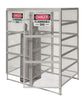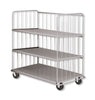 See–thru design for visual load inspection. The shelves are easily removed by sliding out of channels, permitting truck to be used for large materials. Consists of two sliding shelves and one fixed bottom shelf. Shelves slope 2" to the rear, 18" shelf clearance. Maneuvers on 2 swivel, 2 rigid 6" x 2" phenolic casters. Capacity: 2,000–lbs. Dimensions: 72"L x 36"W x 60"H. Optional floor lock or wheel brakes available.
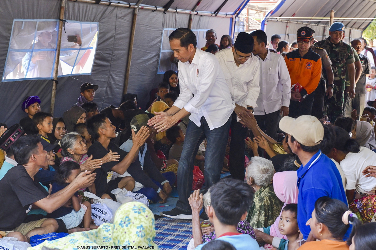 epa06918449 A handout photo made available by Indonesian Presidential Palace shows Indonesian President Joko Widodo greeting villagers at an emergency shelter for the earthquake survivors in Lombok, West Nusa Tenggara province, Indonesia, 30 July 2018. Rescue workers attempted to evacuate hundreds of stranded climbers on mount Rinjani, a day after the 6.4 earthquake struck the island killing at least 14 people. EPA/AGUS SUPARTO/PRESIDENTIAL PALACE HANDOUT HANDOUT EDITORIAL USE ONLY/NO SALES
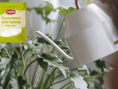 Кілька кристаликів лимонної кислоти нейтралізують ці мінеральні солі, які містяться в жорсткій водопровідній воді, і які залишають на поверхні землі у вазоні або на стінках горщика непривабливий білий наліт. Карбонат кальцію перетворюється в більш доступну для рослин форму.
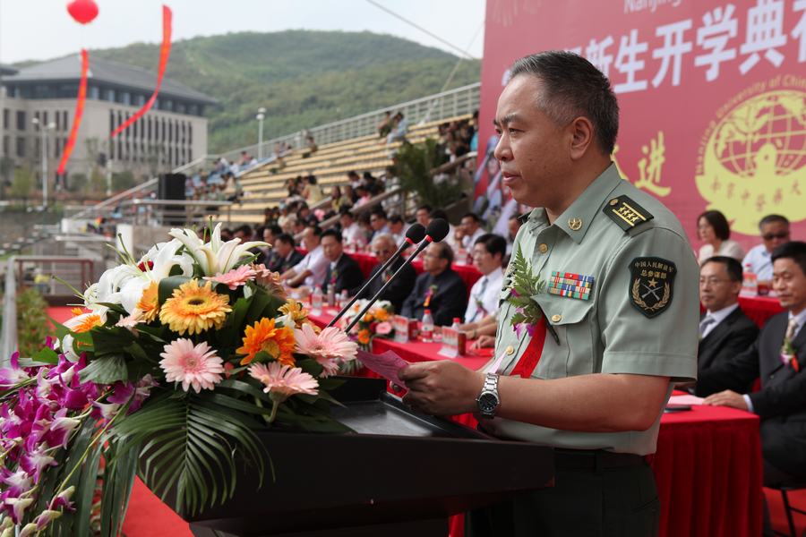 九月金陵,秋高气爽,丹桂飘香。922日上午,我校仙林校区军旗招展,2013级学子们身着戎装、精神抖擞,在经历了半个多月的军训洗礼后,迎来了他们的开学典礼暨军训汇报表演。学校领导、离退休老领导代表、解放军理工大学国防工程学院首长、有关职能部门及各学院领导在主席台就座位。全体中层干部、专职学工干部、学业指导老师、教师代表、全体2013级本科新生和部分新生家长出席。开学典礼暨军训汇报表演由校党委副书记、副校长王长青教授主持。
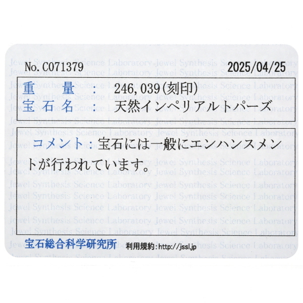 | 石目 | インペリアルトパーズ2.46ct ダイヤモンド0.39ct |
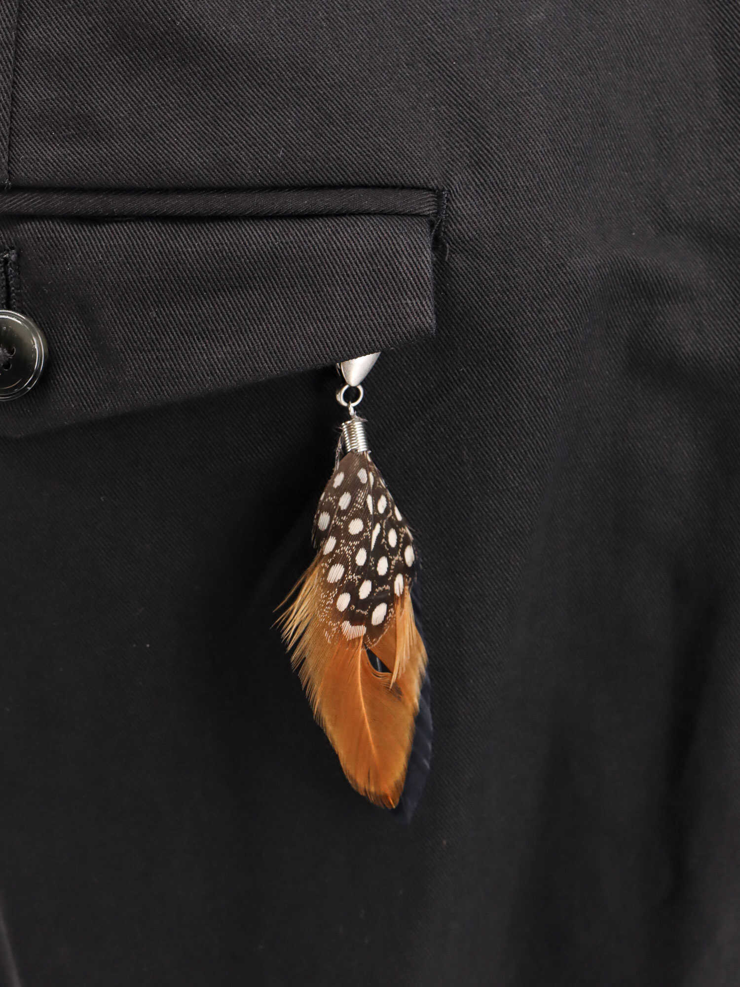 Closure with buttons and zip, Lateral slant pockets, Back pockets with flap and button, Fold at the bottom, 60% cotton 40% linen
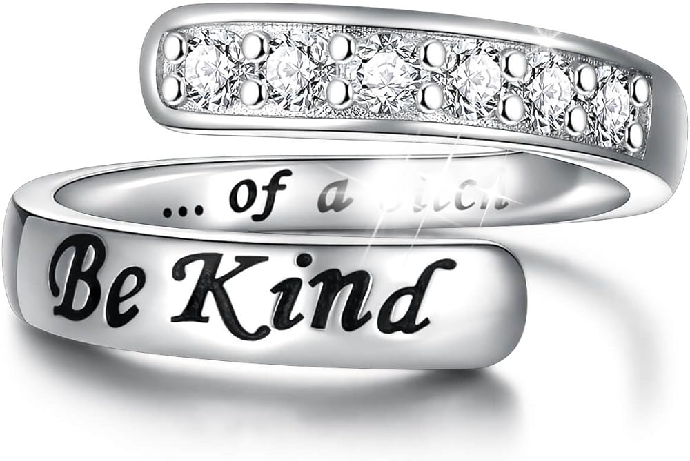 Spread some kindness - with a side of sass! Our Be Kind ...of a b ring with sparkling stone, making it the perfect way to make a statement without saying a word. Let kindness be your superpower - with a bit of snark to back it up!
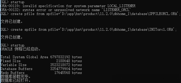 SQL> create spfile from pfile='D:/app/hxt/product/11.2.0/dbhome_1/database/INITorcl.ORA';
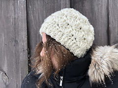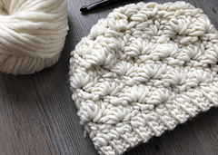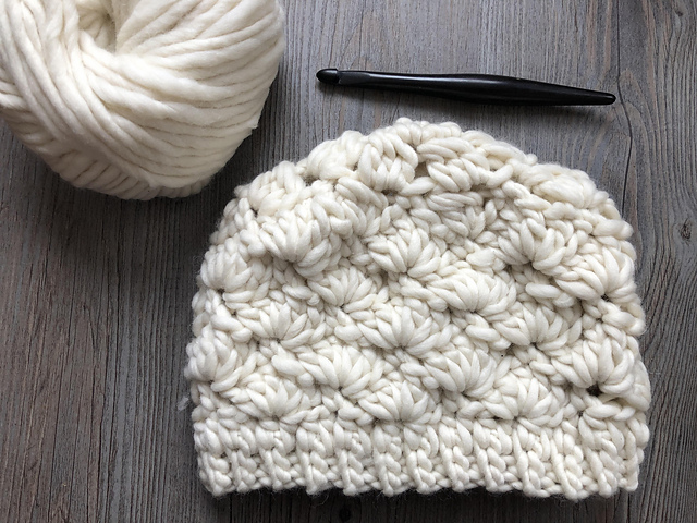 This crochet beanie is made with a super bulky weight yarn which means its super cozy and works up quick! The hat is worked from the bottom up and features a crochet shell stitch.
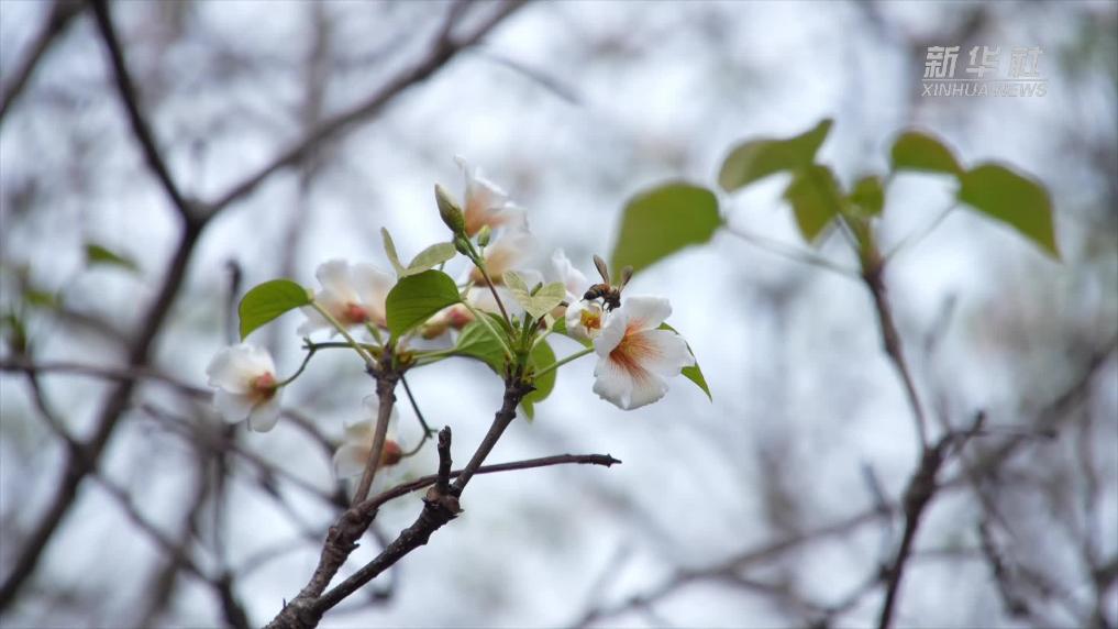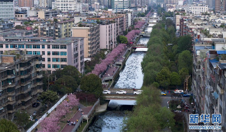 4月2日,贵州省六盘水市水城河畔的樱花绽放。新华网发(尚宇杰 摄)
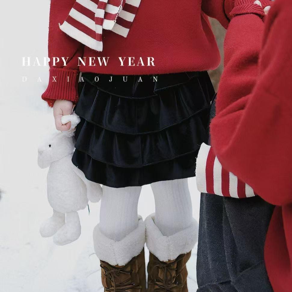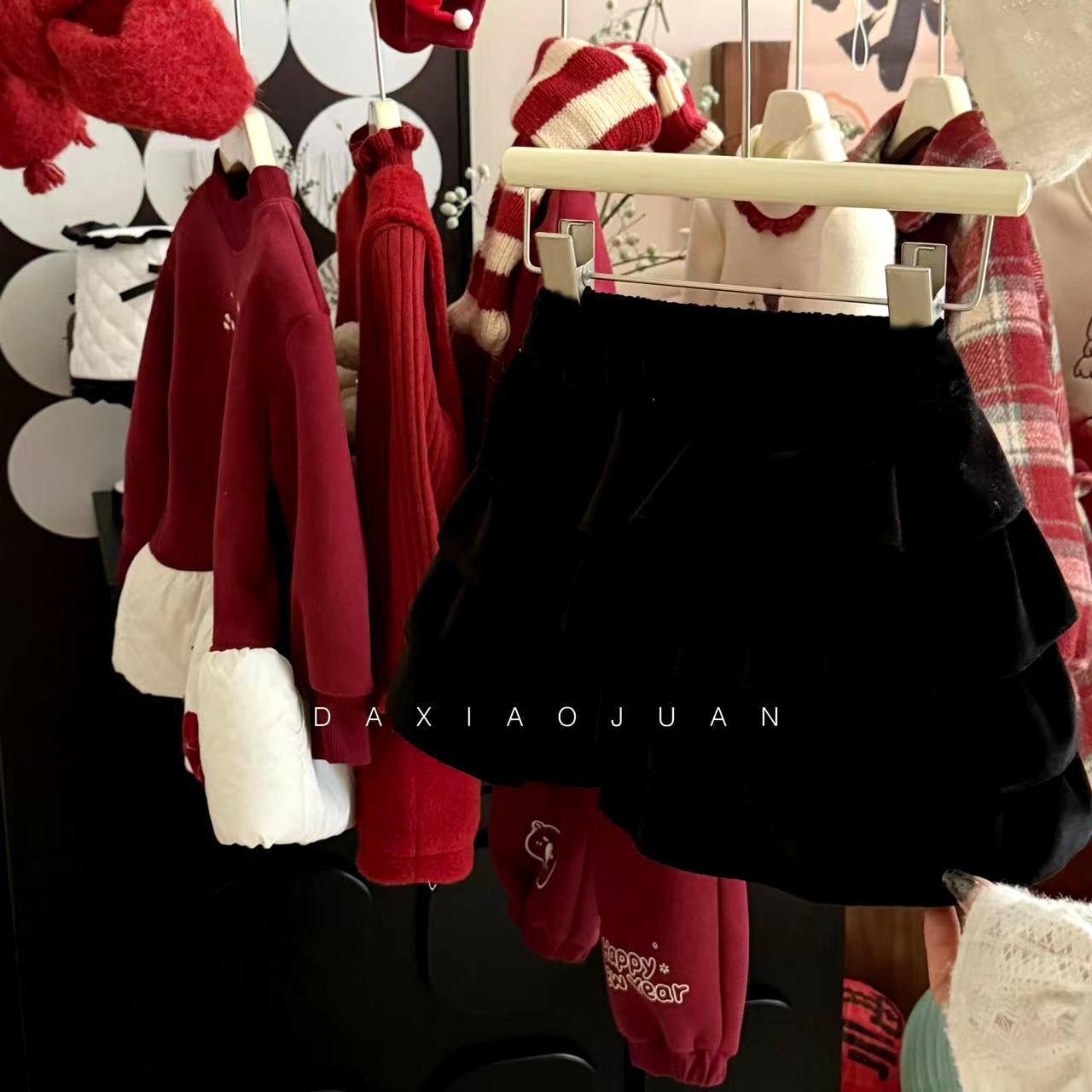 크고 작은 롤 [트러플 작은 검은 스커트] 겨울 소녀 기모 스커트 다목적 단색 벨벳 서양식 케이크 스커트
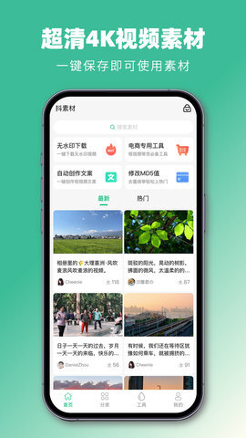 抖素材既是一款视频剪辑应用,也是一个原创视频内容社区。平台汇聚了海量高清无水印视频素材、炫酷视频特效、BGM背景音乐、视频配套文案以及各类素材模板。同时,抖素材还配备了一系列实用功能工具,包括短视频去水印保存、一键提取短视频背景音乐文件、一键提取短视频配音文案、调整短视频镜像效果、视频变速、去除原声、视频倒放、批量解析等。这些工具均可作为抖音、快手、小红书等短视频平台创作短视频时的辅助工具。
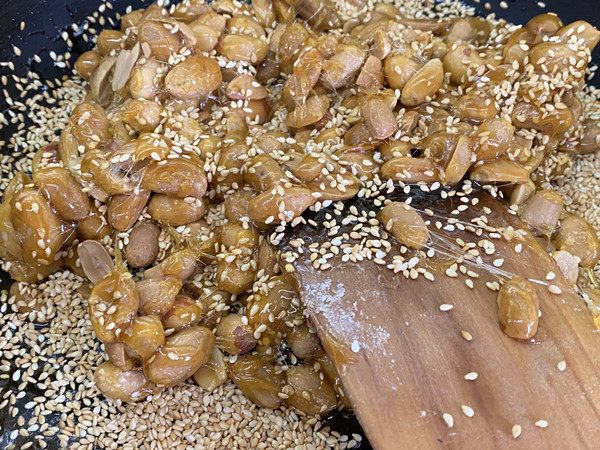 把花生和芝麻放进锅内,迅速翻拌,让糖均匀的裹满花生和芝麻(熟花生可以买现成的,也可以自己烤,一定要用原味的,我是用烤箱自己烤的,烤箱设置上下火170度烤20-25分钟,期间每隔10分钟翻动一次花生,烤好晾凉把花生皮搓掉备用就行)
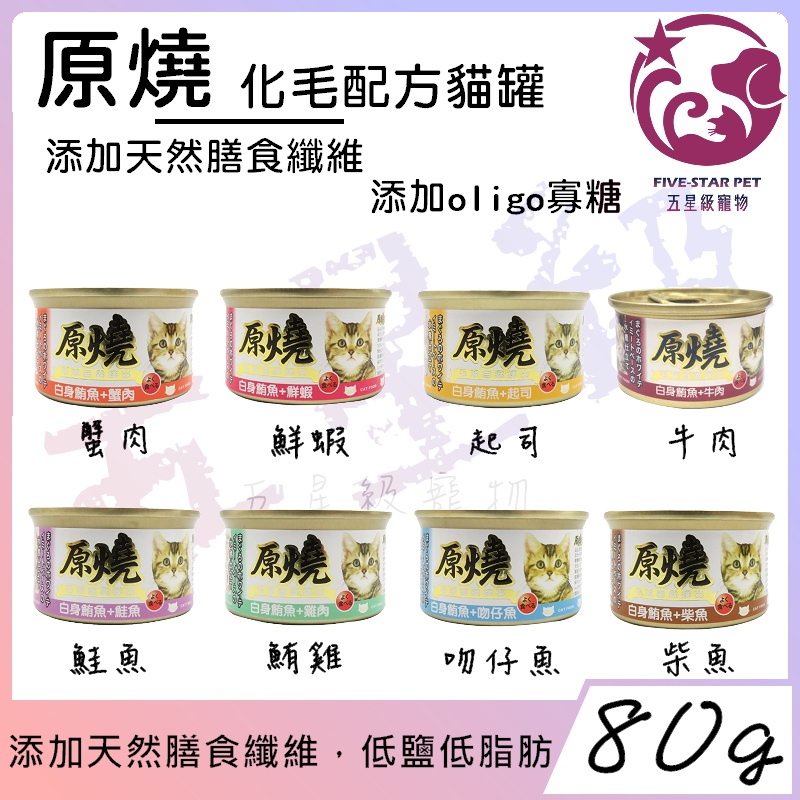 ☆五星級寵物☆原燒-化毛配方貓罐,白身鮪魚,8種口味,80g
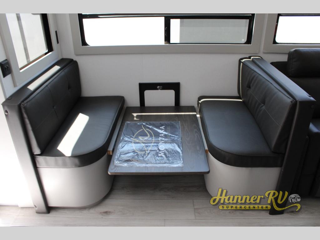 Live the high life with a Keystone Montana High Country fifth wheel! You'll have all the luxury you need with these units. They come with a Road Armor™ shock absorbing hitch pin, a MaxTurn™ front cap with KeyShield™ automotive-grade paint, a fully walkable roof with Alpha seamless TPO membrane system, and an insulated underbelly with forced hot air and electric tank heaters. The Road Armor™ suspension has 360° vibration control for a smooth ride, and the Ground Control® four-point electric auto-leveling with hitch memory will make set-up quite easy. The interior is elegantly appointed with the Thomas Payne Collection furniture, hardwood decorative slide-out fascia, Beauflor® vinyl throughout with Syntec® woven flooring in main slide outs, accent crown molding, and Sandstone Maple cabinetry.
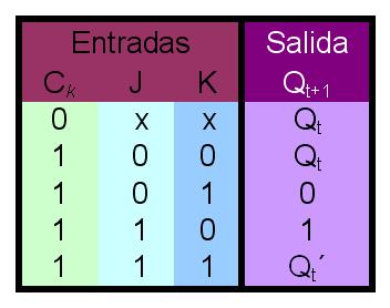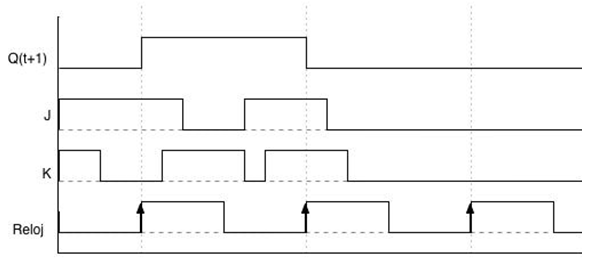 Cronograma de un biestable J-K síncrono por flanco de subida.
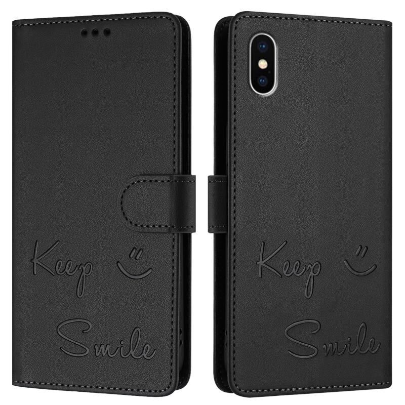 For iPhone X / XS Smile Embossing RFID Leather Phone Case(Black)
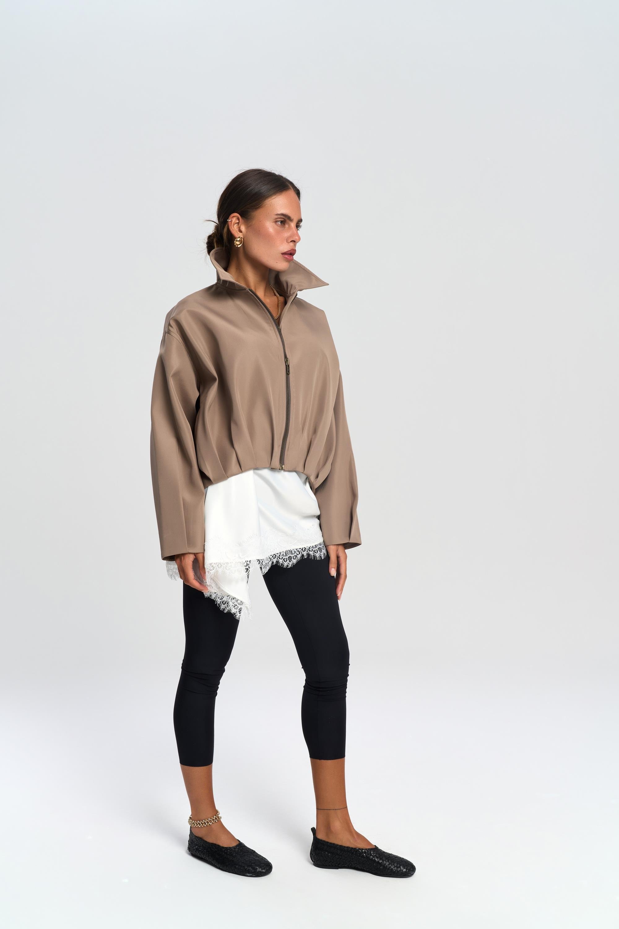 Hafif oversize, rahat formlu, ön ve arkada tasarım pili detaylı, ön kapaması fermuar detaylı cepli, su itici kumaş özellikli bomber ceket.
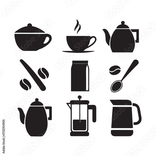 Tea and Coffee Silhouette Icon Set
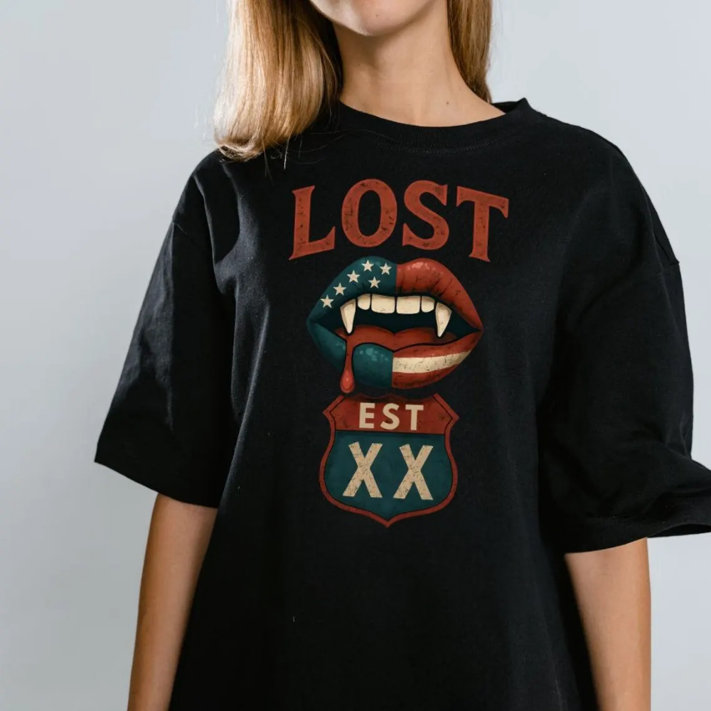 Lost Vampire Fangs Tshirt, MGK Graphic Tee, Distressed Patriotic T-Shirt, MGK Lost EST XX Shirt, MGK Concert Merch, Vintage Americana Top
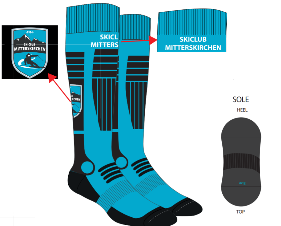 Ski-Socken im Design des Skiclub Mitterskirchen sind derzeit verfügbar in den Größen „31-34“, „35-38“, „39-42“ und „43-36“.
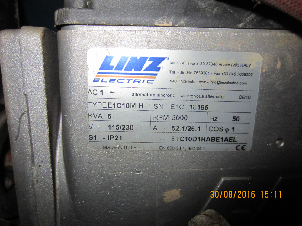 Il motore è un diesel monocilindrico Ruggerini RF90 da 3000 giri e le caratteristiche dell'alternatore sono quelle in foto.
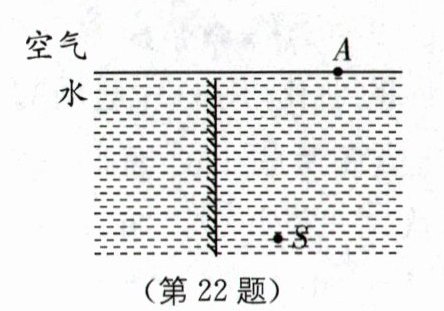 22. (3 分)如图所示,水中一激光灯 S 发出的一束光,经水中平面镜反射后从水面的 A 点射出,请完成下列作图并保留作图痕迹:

## Assigned task
Extract the run of lines from the line holding "Il motore è" through the final line of the material above, exactly and inclusively. Leave the pictures behind.

## Answer to this problem
 Il motore è un diesel monocilindrico Ruggerini RF90 da 3000 giri e le caratteristiche dell'alternatore sono quelle in foto.
 22. (3 分)如图所示,水中一激光灯 S 发出的一束光,经水中平面镜反射后从水面的 A 点射出,请完成下列作图并保留作图痕迹:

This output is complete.